Death sentences become rarity in N.C.
Posted December 29, 2008
Updated March 9, 2009
Raleigh, N.C. — When a Winston-Salem jury convicted James Ray Little last month of the 2006 robbery and murder of a cab driver, he became the only person sentenced to death in North Carolina this year.
Twenty to 30 North Carolina inmates were sent to death row annually in the 1990s. By last year, the number of death sentences handed down statewide had dropped to three.
The decline is part of a national trend. A recent study shows death sentences have dropped to a 30-year low in the U.S. Last year, 115 people were sentenced to death, a 62 percent drop from 10 years ago, when 306 people were sent to death row.
"The fact that our citizens – average North Carolinians – are saying, 'I choose life' is very encouraging," said Gretchen Engel, a lawyer for the Center for Death Penalty Litigation in Durham. "Jurors believe that a life sentence is appropriate."

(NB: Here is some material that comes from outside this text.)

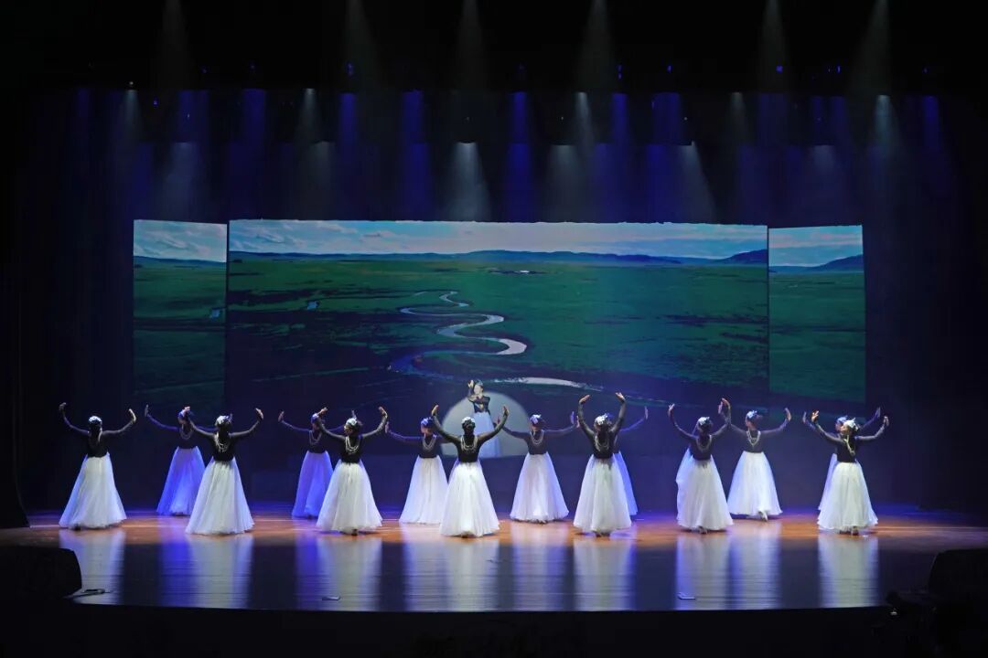 赏析会在集体舞《库马拉》的恢弘乐声中步入高潮。该作品以藏族音乐为基调,融汇多民族舞蹈元素,舞者们身着不同民族服饰翩然共舞,不仅呈现了藏、蒙、维、朝鲜等典型民族舞蹈语汇,更以艺术化的肢体语言诠释了中华民族多元一体、团结共融的深厚主题,展现出一幅“各美其美、美美与共”的中华民族文化画卷,为整场晚会画上了圆满的句号。

Engel said she sees many reasons for the dwindling number of death sentences:
- In 2001, prosecutors were given discretion in which cases to try as a capital case.
- The Office of Indigent Defense Services improved representation for defendants facing the death penalty.

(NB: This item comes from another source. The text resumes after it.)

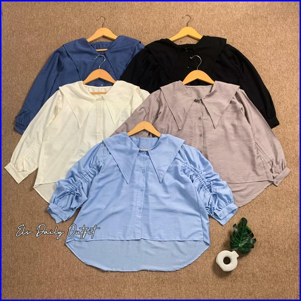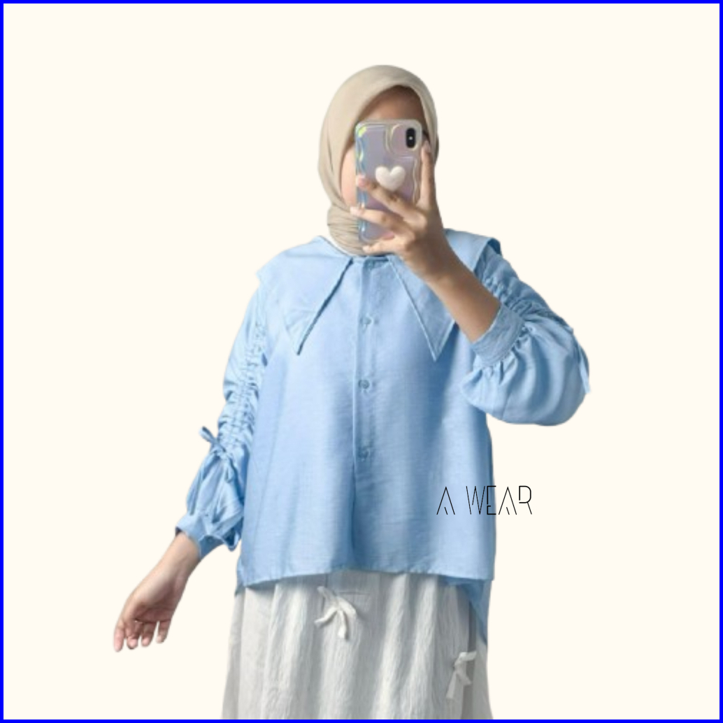 A Wear - Elma Blouse Polo Linen Lengan Serut Kerah Sailor

- Court rulings stopped the execution of juveniles and the mentally retarded.
- State sentencing reform that offered a life sentence without the possibility of parole gave jurors a viable option to a death sentence.
- Highly publicized wrongful convictions weigh on jurors minds as they debate a sentence.
"We've had three exonerations in North Carolina this past year," Engel said.
Wayne Uber, of Chapel Hill, a supporter of capital punishment, said he thinks improved evidence-collecting prompts more suspects to plead guilty and avoid a death sentence.
"I don't judge the relative success or failure by the number of persons that are added to death row," Uber said.
He has personal reasons for backing the death penalty. His twin brother, Jeffrey, was slain in Florida over some credit cards, and the killer received a life sentence.
"I think that that man should be executed," he said, though he added that he respects whatever informed decisions jurors make.
Uber said he's most frustrated by North Carolina's current moratorium on lethal injection.
The state Supreme Court is trying to sort out a physician's role in executions and whether the North Carolina Medical Board can punish physicians who participate in them. The execution protocol approved by state officials also is tied up by a legal challenge.
"If I'm displeased, it's by the delays," Uber said.